The American Bittern has a unique, gulping “oong-ka-choonk” call that has been described as sounding like a water pump. Nutall described it as “the interrupted bellowing of a bull, but hollower and louder, and is heard at a mile’s distance, as if issued from some formidable being that resided at the bottom of the waters.” In “Summer”, Henry David Thoreau joked that the Bittern was able to make that watery call by thrusting its bill deep into the ground until it found water: “I went to the place, but could see no water, which makes me doubt if water is necessary to it in making the sound. Perhaps it thrusts its bill so deep as to reach water where it is dry on the surface. It does not sound loud near at hand, and it is remarkable that it should be heard so far. Perhaps it is pitched on a favorable key.” In fact, a specialized esophagus allows the American Bittern to make that distinctive call.

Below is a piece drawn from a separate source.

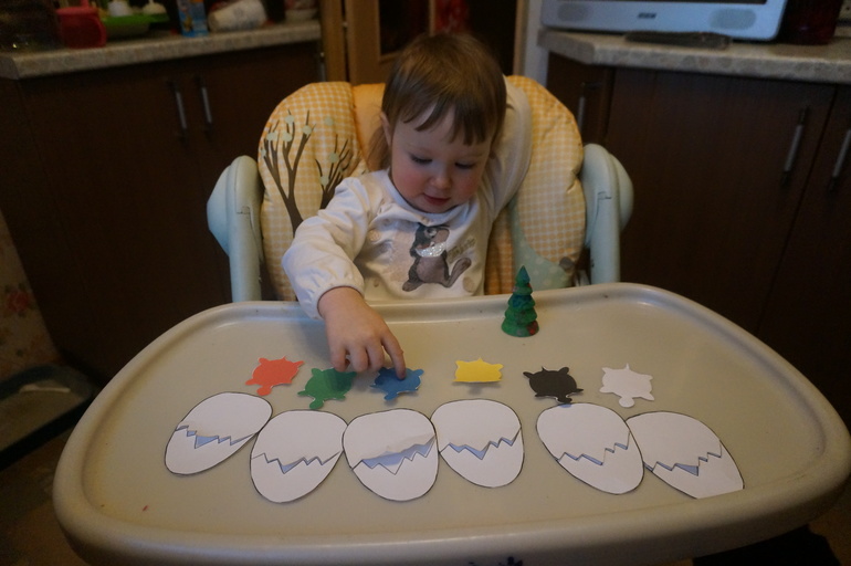 Самым сложным для нас оказалось разложить цыплят по мере их роста. Пришлось помочь. А вот ответы на вопрос: где самый большой/маленький/средний цыпленок, не вызвали у Софии затруднения.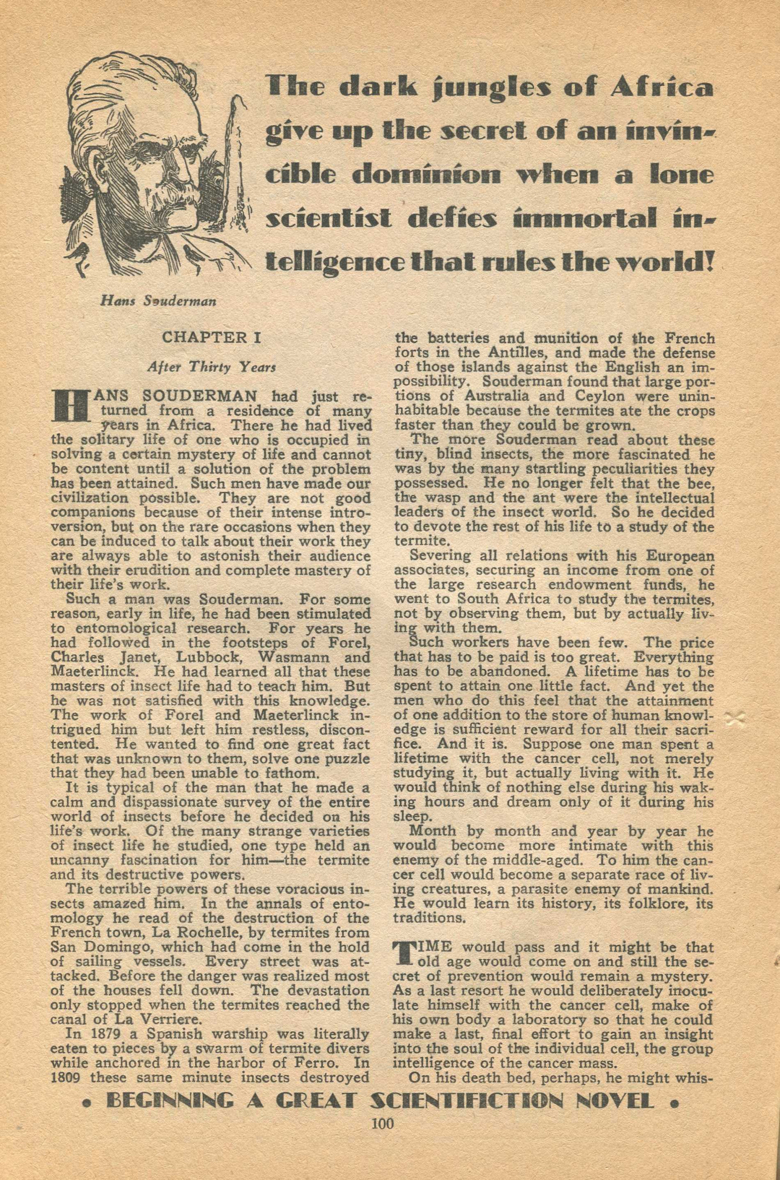 - Dr. David H. Keller. The Human Termites (начало романа, иллюстрации Ф.Р. Пауля), p. 99-115

It is believed that American Bitterns migrate individually or in small groups of two or three at night. They overwinter in southern coastal areas and Central America, returning to Indiana in the spring.

Sadly, the American Bittern is endangered in Indiana due to habitat loss. Studies have found that American Bitterns require at least 6 acres of wetlands in which to nest, but such wetlands are now difficult to find in Indiana. Limberlost is a rare jewel! Indiana is fourth in the nation in percentage of wetlands lost: 87% since the 1780’s. The vast majority of the loss has been due to drainage for agriculture. Fortunately, there are programs in place to restore wetlands. For example, the U.S. Fish and Wildlife Service and the USDA (NRCS) have programs that will reimburse landowners up to 100% of the expenses incurred for the restoration of wetlands, and the Indiana Heritage Trust has acquired thousands of acres through the environmental license plate program. There are also conservation organizations like ACRES Land Trust that preserve important habitats. Of course, there are ongoing conservation efforts at Limberlost that could use your support, as well. With such programs and organizations in place, the American Bittern may one day become more common in Indiana and be removed from our state’s “State Endangered” list.